The most efficient natural predator on H. lucina, however, is the techinid fly that also parasitizes other large, songbird-daunting caterpillars like tomato hornworms. Tachinid flies harass one caterpillar in a cluster until it drops off the branch where its litter mates remain. This puts the target caterpillar at a disadvantage and the fly is able to lay eggs in its back end. The caterpillar will continue eating even after the baby tachinids chew their way out through its skin and pupate in between its bristles, but will then die before or during pupation. One study found that aboutt one-third of the stingingworms in the area studies (H. lucina) were destroyed by tachinid flies. This valuable ally looks different from a housefly if you take a long close look, but since most people don't care to look closely at flies it's easier to say that tachinid flies resemble houseflies that leave people alone. They're not attracted to our food or our sweat. They keep to themselves, spending most of the time in the fields and woods where their preferred food is crawling about. All we need to do to encourage tachinid flies is make sure we don't spray poisons to kill flying insects generally.

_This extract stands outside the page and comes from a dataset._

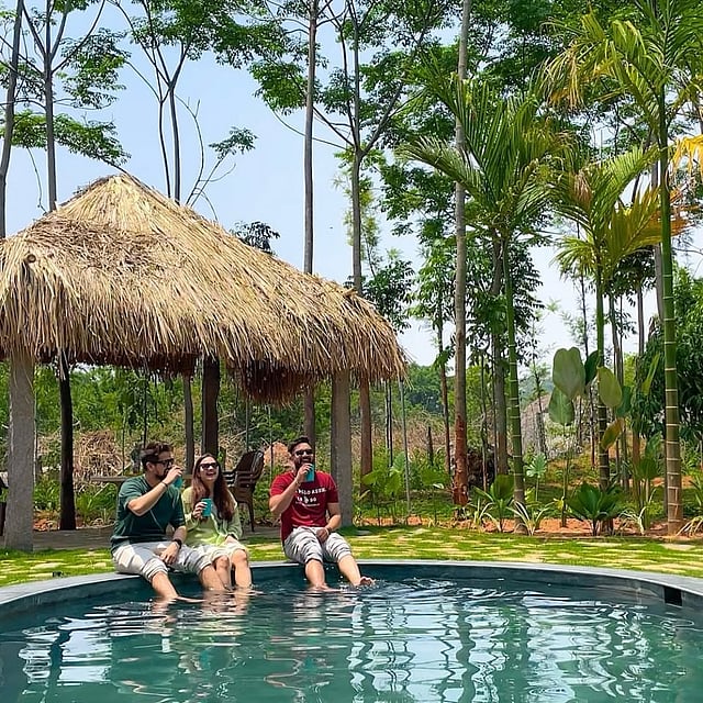 Just a short drive from Bangalore, Virama Farm Stay offers a peaceful escape without straying far from the city. Perfect for large gatherings, the property comfortably hosts over 35 guests, featuring a spacious 6-bedroom villa, five king-sized suites, and a cosy 10-bed bunker room—ideal for family get-togethers, corporate retreats, or intimate celebrations. Unwind by the swimming pool or enjoy a magical movie night under the stars with their outdoor projector. Best of all, pets are welcome, so your furry companions can be part of the fun too.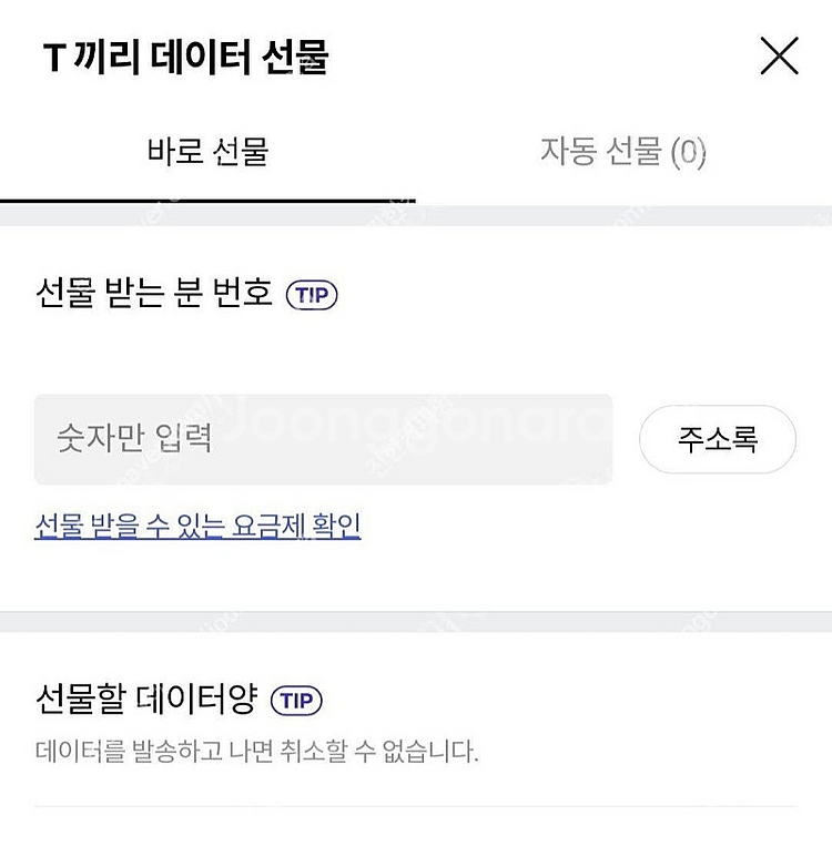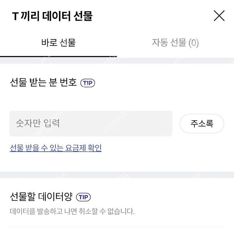 skt t끼리 데이터 선물하기 2기가 3천원에 판매

They can be parasitized by braconids, too, and are occasionally killed by mice and birds. No bird regularly eats the caterpillars but some eat the moths.

Then there are caterpillar diseases, like the fungal infection described here. Generally disease pathogens affect either warm-blooded or cold-blooded animals, not both. Plagues can be unleashed on caterpillars without affecting people, or most of their pets or livestock...but of course these plagues rage beyond their intended boundaries and kill many non-target species. In 2003 a writer about the plagues affecting New England's caterpillars wrote wistfully that, in the Blue Ridge Mountains, the big native silk moths were still abundant, from the giant Hyalophora cecropia to H. maia. No more. That fungus infection that reduces a caterpillar's insides to a dark liquid has wiped out our big silk moths and, while I miss Eacles and Anisota and Actias luna, I don't miss our Hemileucas at all.


The writer didn't seem to know that the plague was being spread for the purpose of controlling Lymantria dispar

Healthy caterpillars in all of these species often grow more than two inches long, typically about two and a half inches. Lucina caterpillars' bristles often form rosettes in the late stages of their caterpillar lives, with a central spike in each rosette, sllowing maximum release of venorm into attackers who grab the caterpillar, relatively less vernom for thosew ho only brush against it. The rosettes, if formed, seem to be brownish or yellowish with the central spikes black; the branching bristles are black or gray. But lucina is almost as variable as maia


Photo by Slamonde, New Hampshire, doucmenting the yellow rosettes pattern. (In other photos, individuals had fewer pairs of rosettes, or less vividly colored ones.)

They may burrow into the ground or just hide under leaf litter to pupate, usually through most of July, all of August, and usually part (sometimes all) of September. Then they crawl up out of the ground, looking like rather shaggy grubs until their wings expand, and the cycle begins anew.